The CBO report was published as congressional Republicans continued to map out their legislative agenda before taking control of both chambers in January. The Associated Pressreported earlier this week that "in preparation for Trump's return, Republicans in Congress have been meeting privately for months and with the president-elect to go over proposals to extend and enhance those tax breaks, some of which would otherwise expire in 2025."
"It's always been about further enriching political and economic elites even at the cost of our economic future."
During the 2024 campaign, Trump pledged to sustain individual tax breaks enacted by the 2017 law—which disproportionately benefited the rich—and further reduce the statutory tax rate for U.S. corporations.
"The last time Republicans spent this much money for no apparent gain was the war in Iraq," Sen. Ron Wyden (D-Ore.), chairman of the Senate Finance Committee, said Wednesday. "Trump's political donors want a return on their investment, and Republicans are going to give it to them, even at the cost of shrinking our economy and destroying jobs."
To offset the massive projected cost of extending the 2017 law and enacting new corporate tax cuts, Republicans are planning to pursue deep cuts to Medicaid, federal nutrition assistance, and other programs that help low-income Americans meet basic needs.
"President-elect Trump campaigned as a champion of the working class but his first act will be tanking the economy and throwing workers under the bus to line the pockets of his wealthy friends," said Lindsay Owens, executive director of the Groundwork Collaborative. "The Trump tax scam is back for its second act, and Americans should brace for impact."
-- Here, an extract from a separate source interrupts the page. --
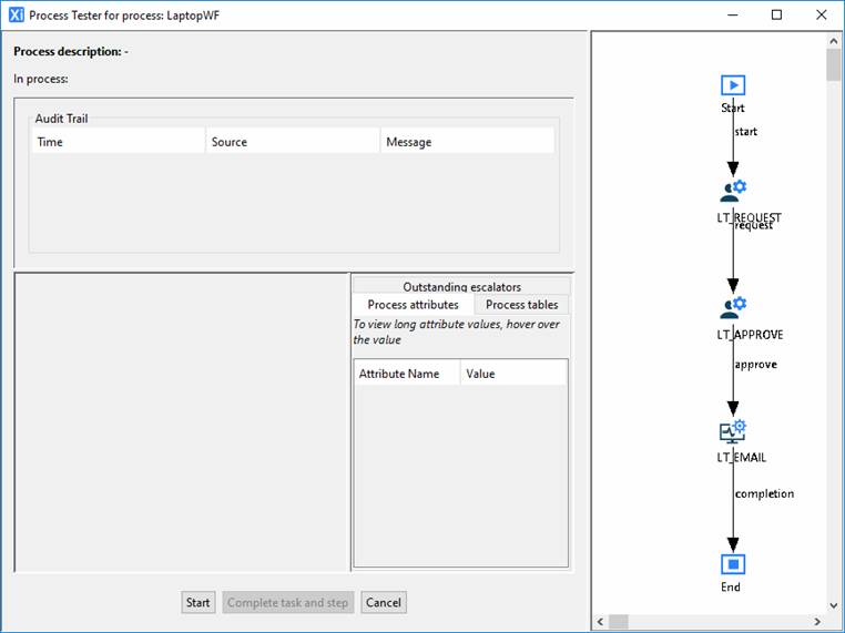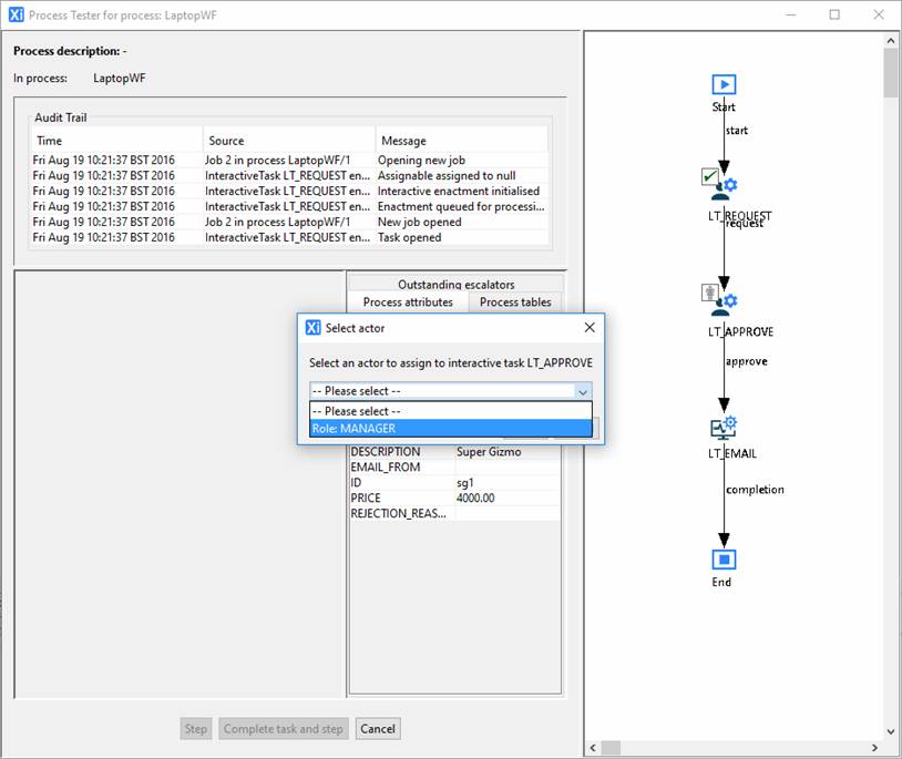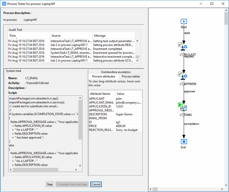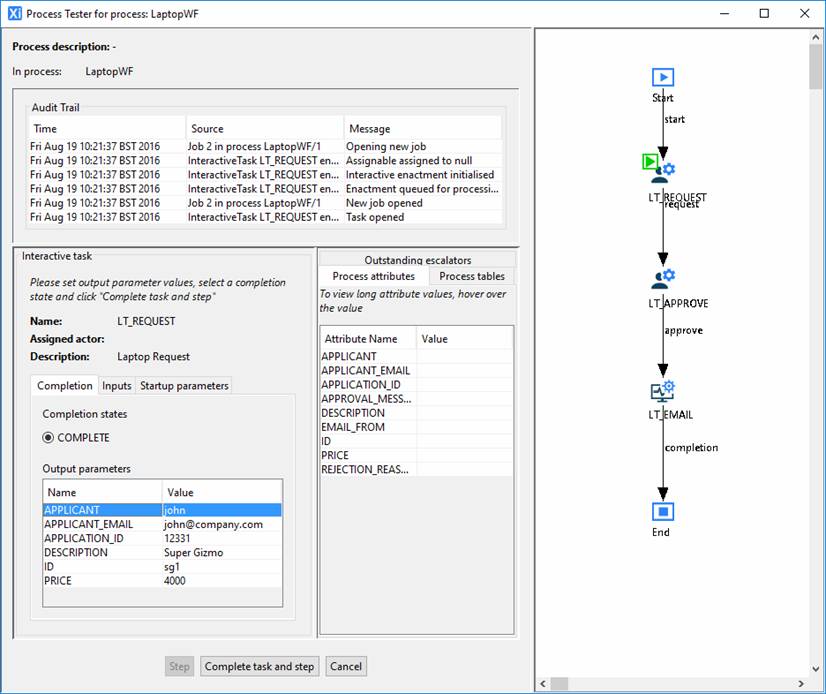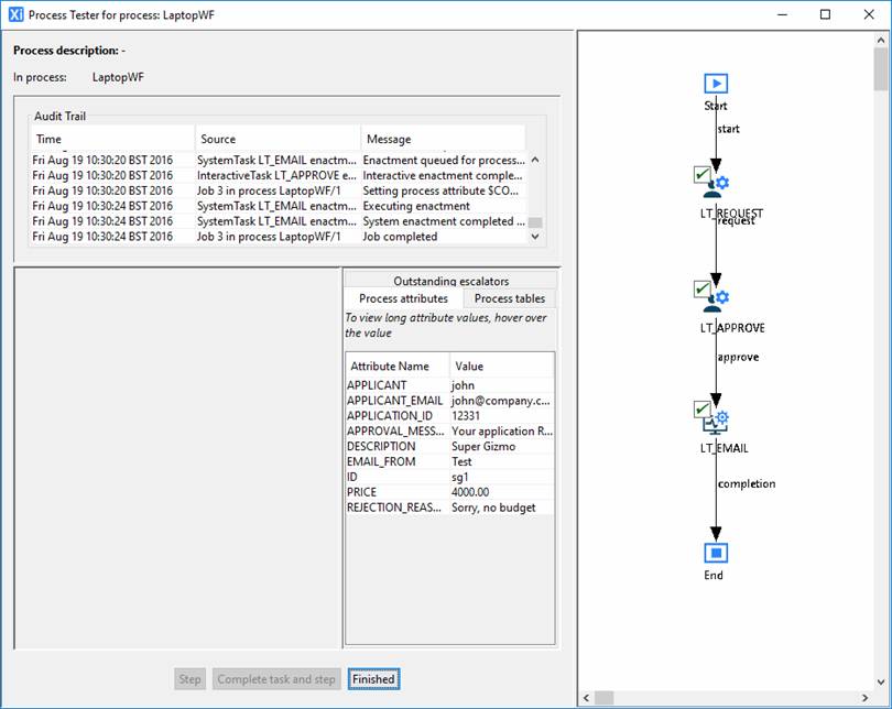 Note: The Process Tester actually executes the process for real i.e. it is not a simulation. As a result of executing the test an email will be despatched to the email address entered

David Kass, executive director of Americans for Tax Fairness, called the latest CBO analysis of the Republican Party's tax policies "even more damning than previous iterations."
"Using the country's credit card to give away trillions of dollars to the wealthiest Americans and big corporations would be disastrous for our economy and the average American," Kass said Wednesday. "The Trump Tax Scam bill has never been about economic growth or improving the lives of working and middle-class Americans. It's always been about further enriching political and economic elites even at the cost of our economic future."
"Moving forward," Kass added, "the incoming administration and congressional Republicans must answer why they plan to make hardworking Americans worse off, shrink our economy, and increase the deficit by $4.6 trillion."